Flying pan
カリフォルニア州Los Angelesで電気楽器とアンプリファイアーの生産を手掛けていた"Electro String Instrument Corporation"・・・・
現在の "Rickenbacker International Corporation"の起源である。
1920年代、Los Angelesでは折りしも訪れた電気的な工業理論の著しい進歩を背景に、ギターカルチャーとしてドブロやナショナルに代表されるスティールギターの生産が顕著になっていた。
Adolph & Frying Pan
Adolph RickenbackerとGeorge D. Beauchampの二人は、そういった生産工場やエンジニアとも内密に関わりつつ、最終的には初のエレクトリック・ピックアップシステムの開発に成功する。この歴史的なピックアップが、その形状に由来する"Horseshoe Pickup"である。そして、そのピックアップを搭載し、初のエレクトリックギターとしての試作に完成したのが、"Flying Pan"と呼ばれる、記念すべきエレクトリックギター試作一号機である。
この時に二人は、正式に"Electro String Instrument Corporation"を社名とし、生産するモデルを"Rickenbacker"と名付けたーーー
今日まで脈々と続くRickenbackerの礎がここに誕生する。
George Beauchamp
カリフォルニア州Santa Anaで "R.T.E.C" と云う電気関連会社を営んでいたFrancis C. Hallは、第二次世界大戦後、レオ・フェンダーの製作したスティールギターとアンプリファイアーを販売し始め、1946年には正式にフェンダーの販売代理店として 販売ネットワークを構築していく。
その後の1951年になると、F.C.Hall は先述のAdolphから"Electro String Instrument Corporation"を買い、確立した販売ネットワークを武器にRickenbackerの近代化を加速的に実現させていくのである。
1950年代中盤からギターマーケットは大きな変革期を迎え、ロックミュージックの台頭と共に出現した新しい音楽スタイルが、新たな演奏方法を生むべくエレクトリック・スパニッシュギター等をギタープレイの主流としていくのである。

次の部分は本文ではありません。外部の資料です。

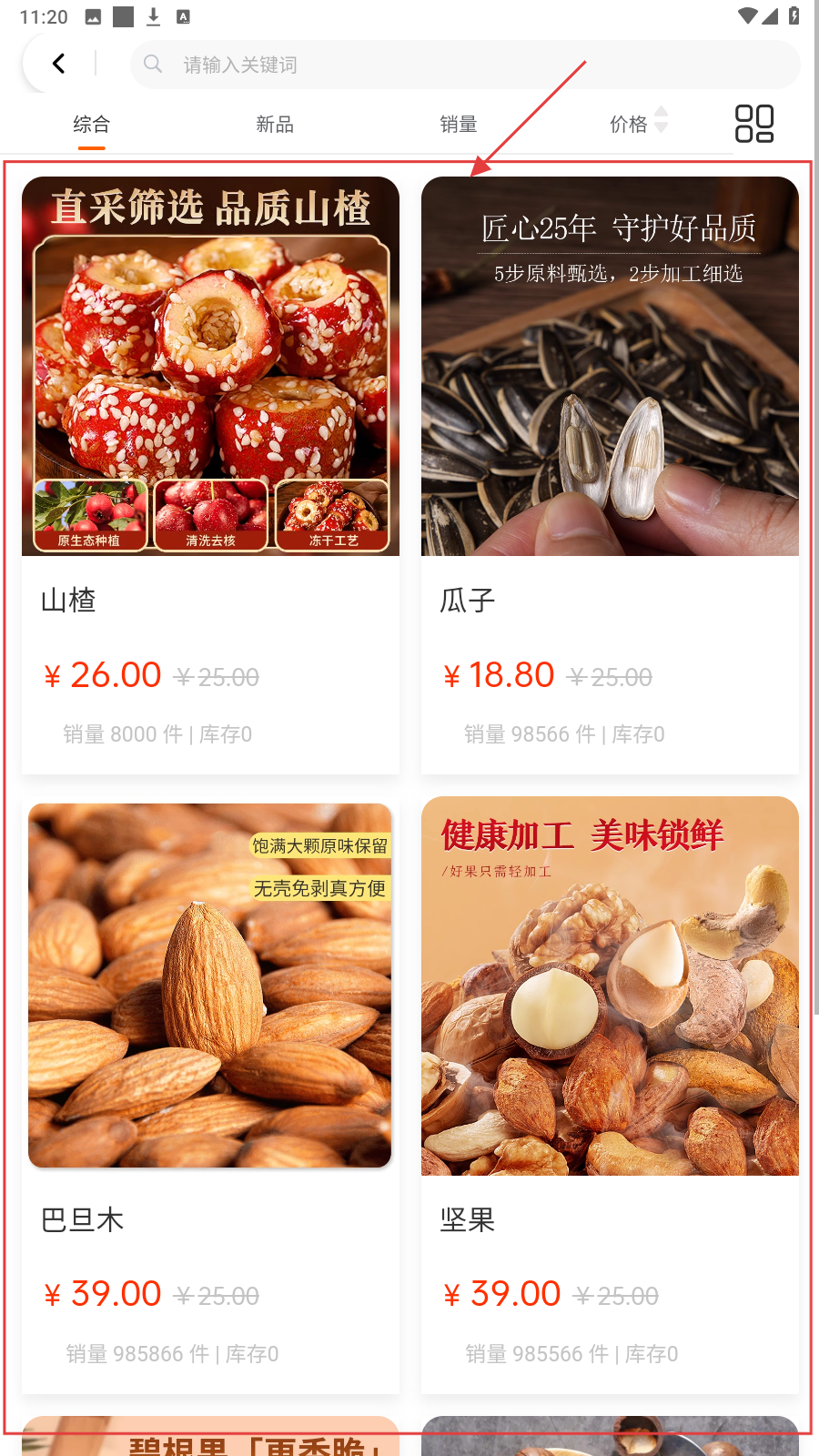 1、进入购物页,选【山楂-瓜子-巴旦木-坚果】等商品分类,浏览找心仪零食。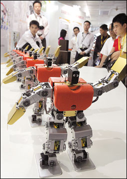 زوار معرض بكين للتكنولوجيا 2007م يبدون إعجابهم بعروض الروبوت. الصين سوف تزيد استثماراتها في العلوم والتكنولوجيا بنسبة 20% في عام 2007م لتكون في موقع المنافسة على المستوى العالمي.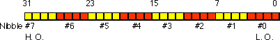 Naturally, this double word can be divided into a high order word and a low order word, or four different bytes, or eight different nibbles: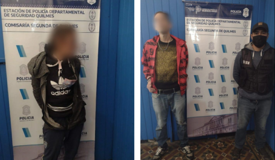 Tras un operativo cerrojo la pareja delictiva fue detenida en el cruce de Belgrano y Misiones (Bernal). Uno de los capturados, de 41 años de edad, ingresó a trabajar en la Policía Local de Quilmes en el año 2015 y recientemente había sido trasladado a una seccional de Avellaneda, donde se desempañaba actualmente. Tras requisarlos, encontraron entre sus pertenencias el arma reglamentaria otorgada por el Ministerio de Seguridad de la Provincia con las municiones, una réplica de un arma de fuego y elementos sustraídos a las víctimas (mochilas, ropa, teléfonos celulares, dinero en efectivo y hasta planillas correspondientes al Censo).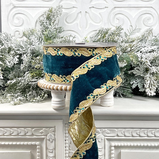 Farrisilk Midnight Blue Jeweled Velvet Ribbon - Luxury Designer Trim for Special Events & Holiday Decor

Rickenbackerも時代のトレンドを敏感に捉え、生産の中心をラップスティールギターから新たなモデルの開発へと向けていき、そのラインナップをリニューアルしていく事で生まれたのが、Combo 600 や 800 といったモデル達である。
Rap steel
1950年代後半からは、エレクトリックベースや今日で云うスルーネック構造なども採用し、革新的な発想のもと、数々のモデルを登場させていく。
そして、1960年代に突入してからは、Rickenbackerに歴史的ターニングポイントが訪れる。ビートルズの登場である.....数々の名曲とステージにおいて、メンバーがRickenbackerをプレイした事は万人の知るところであろう。この事により、6弦ギターに限らず、12弦ギターからベースモデルに至るまで、Rickenbackerのサウンドとポテンシャルが大きく世に知られることになる。
Rap steel
1970~80年代にかけても、数多の著名なプレイヤーがRickenbackerを手にし、その個性溢れる特徴的なサウンドで多くの名曲を紡ぎ、絶世の名演を魅せていく事になる。これらのことから、Rickenbackerへの急激なニーズが生まれ、いよいよ生産工場の変革に着手する。1964年まで続いたLos Angeles の Electro String factoryでの生産は、この年にOrange Countyの傍にあるSanta Anaに移され、生産キャパシティを大きく飛躍させる事に成功する。そして同時期に、社名を"Rickenbacker,Inc,."とし、ここに近代リッケンバッカーが誕生するのである。
Museum
1984年9月に F.C.Hall は引退し、息子であるJohn Hall と 彼の妻である Cindalee がその後を継承する。彼らは、生産と販売を効率よく集約した上で、生産の向上を目指すだけではなく、楽器を造るクラフトマンシップを貫くことを大切にし、偉大なミュージシャンに代表される古き良きモデルと、革新的なアイデアを盛り込んだ新しいモデルの開発を両立する。現在のRickenbackerの最高責任者である彼は、日々生産が行われているオフィスの横で、数々の試作品や歴史的モデルを壁一面に保管し、「ミュージアム」と呼びながらそのひとつひとつを今でも愛し続けている。
かのリバプールの偉大なバンドのギタリストは、かつてインタビューにおいて好きなギターを問われ、こう答えたという。
「Of course, it's a Rickenbacker!」
さて、同じ質問を、飛躍的に近代化の進んだ今日にしてみた時、幾多のプレイヤーは何と答えるであろう...
それはきっと同じ答えのはずである。